00:11:44.420 | They were kind of testing
00:11:45.260 | if it would lead to the singularity.
00:11:47.260 | I know that sounds dramatic,
00:11:48.260 | but they wanted to see if the model could improve itself
00:11:51.260 | with access to coding, the internet, and money.
00:11:54.260 | Now, is it me, or does that sound kind of risky?
00:11:58.260 | Maybe not for GPT-4.
00:11:59.260 | Sure, it's not smart enough yet.
00:12:01.260 | But if this is the test that they're going to use
00:12:03.260 | on GPT-5 or 6 or 7,
00:12:06.260 | color me slightly concerned.
00:12:09.260 | At this point, I find it very interesting to note
00:12:12.260 | that the red team seemed to have concerns
00:12:15.100 | about releasing GPT-4 like this.
00:12:17.100 | And OpenAI had to declare that
00:12:20.100 | "participation in this red teaming process
00:12:23.100 | is not an endorsement of the deployment plans
00:12:27.100 | of OpenAI or OpenAI's policies."
00:12:30.100 | In other words, a lot of these people
00:12:32.100 | probably agreed to test GPT-4,
00:12:35.100 | but didn't agree with OpenAI's approach
00:12:38.100 | to releasing models.
00:12:39.100 | Very interesting that they had to put that caveat.
00:12:42.100 | Before I wrap up, some last interesting points.
00:12:44.940 | On the topic of safety, I find it hilarious
00:12:46.940 | that on their promotional website,
00:12:48.940 | when you click on "safety", you get this.
00:12:51.940 | A 404 message.
00:12:53.940 | The page you were looking for doesn't exist.
00:12:55.940 | You may have mistyped the address.
00:12:57.940 | The irony of that for some people
00:12:59.940 | will be absolutely overwhelming.

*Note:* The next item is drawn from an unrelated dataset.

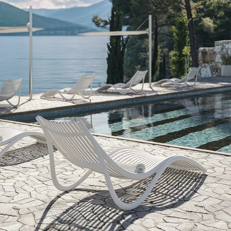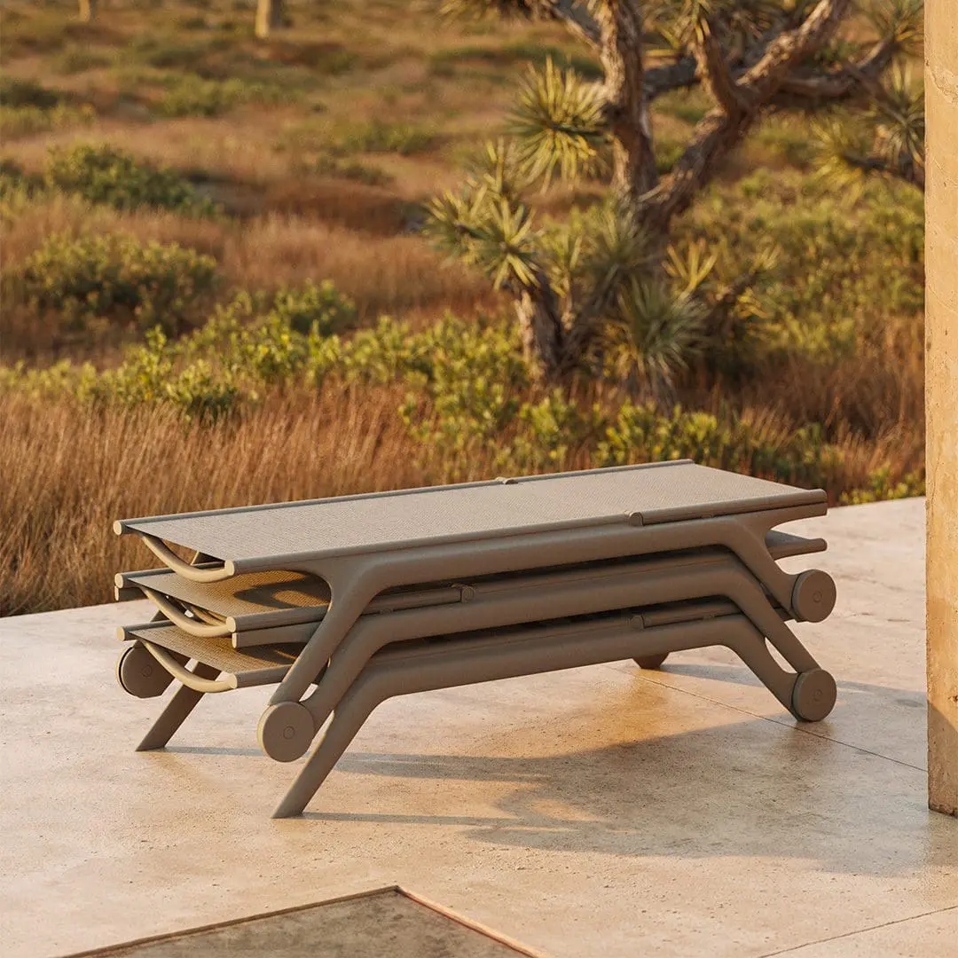 When every square foot counts, logistics is king. Vondom sun loungers are designed with efficiency in mind: they stack easily—some models up to 18 units—to optimize storage and transport. Their lightweight construction allows for effortless relocation, while the compact surfaces are easy to clean with just water and neutral soap. Built on this foundation of functionality, the design enhances the experience by adding comfort and aesthetic value—ensuring that every moment in the sun offers the same relaxation as an indoor lounge.
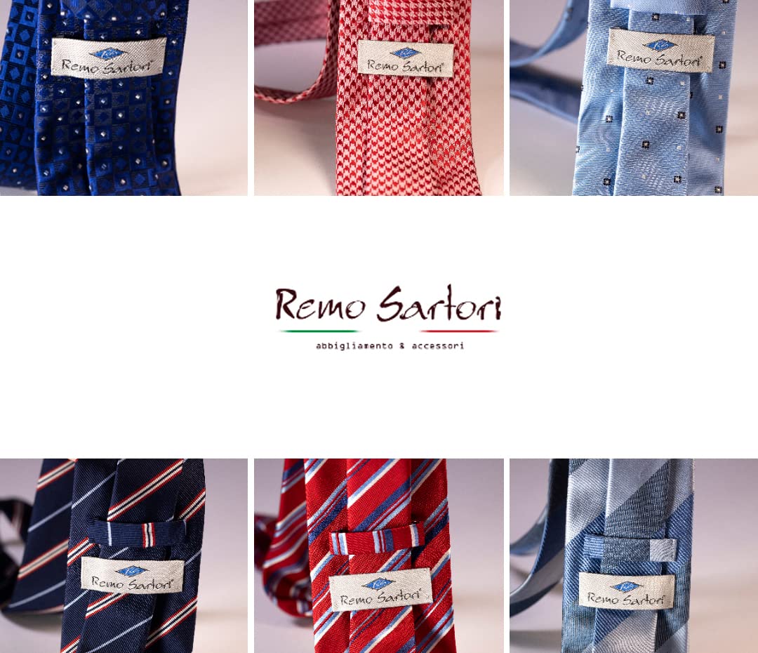 Details: Elegant Men's Polka Prince of Wales Dots Pattern Necktie, Made in Italy, 100% Jacquard Woven Silk. Width: 3.35 In (8.5 cm); Length: 58.27 In (148 cm). Remo Sartori Ties are entirely made in our Italian factory; our selected fabrics are woven in the best factories of Como. The ties are cut 45 degrees on the bias and machine made with Liba; finishing touches have been made by hand. The Necktie comes along with a carton bag.

00:13:01.940 | The safety page just doesn't exist.
00:13:04.940 | For other people, that will be darkly funny.
00:13:06.940 | Couple last interesting things for me.
00:13:08.940 | Here are the companies that are already using GPT-4.
00:13:12.940 | So of course you can use Bing,
00:13:14.780 | to access GPT-4,
00:13:16.780 | the new ChatGPT+ model of GPT-4,
00:13:18.780 | or any of the apps that you can see on screen.
00:13:22.780 | For example, Morgan Stanley is using it,
00:13:24.780 | the Khan Academy is using it for tutoring,
00:13:26.780 | and even the government of Iceland.
00:13:28.780 | Other such companies are listed here.
00:13:31.780 | I'm going to leave you here with a very ironic image
00:13:34.780 | that OpenAI used to demonstrate GPT-4's abilities.
00:13:38.780 | It's a joke about blindly just stacking on more and more layers
00:13:42.780 | to improve neural networks.
00:13:44.620 | GPT-4, using these insane number of new layers,
00:13:47.620 | is able to read, understand the joke,
00:13:50.620 | and explain why it's funny.
00:13:52.620 | If that isn't inception, I don't know what is.
00:13:55.620 | Anyway, let me know what you think.
00:13:57.620 | Of course I will be covering GPT-4 relentlessly
00:14:00.620 | over the coming days and weeks.
00:14:02.620 | Have a wonderful day.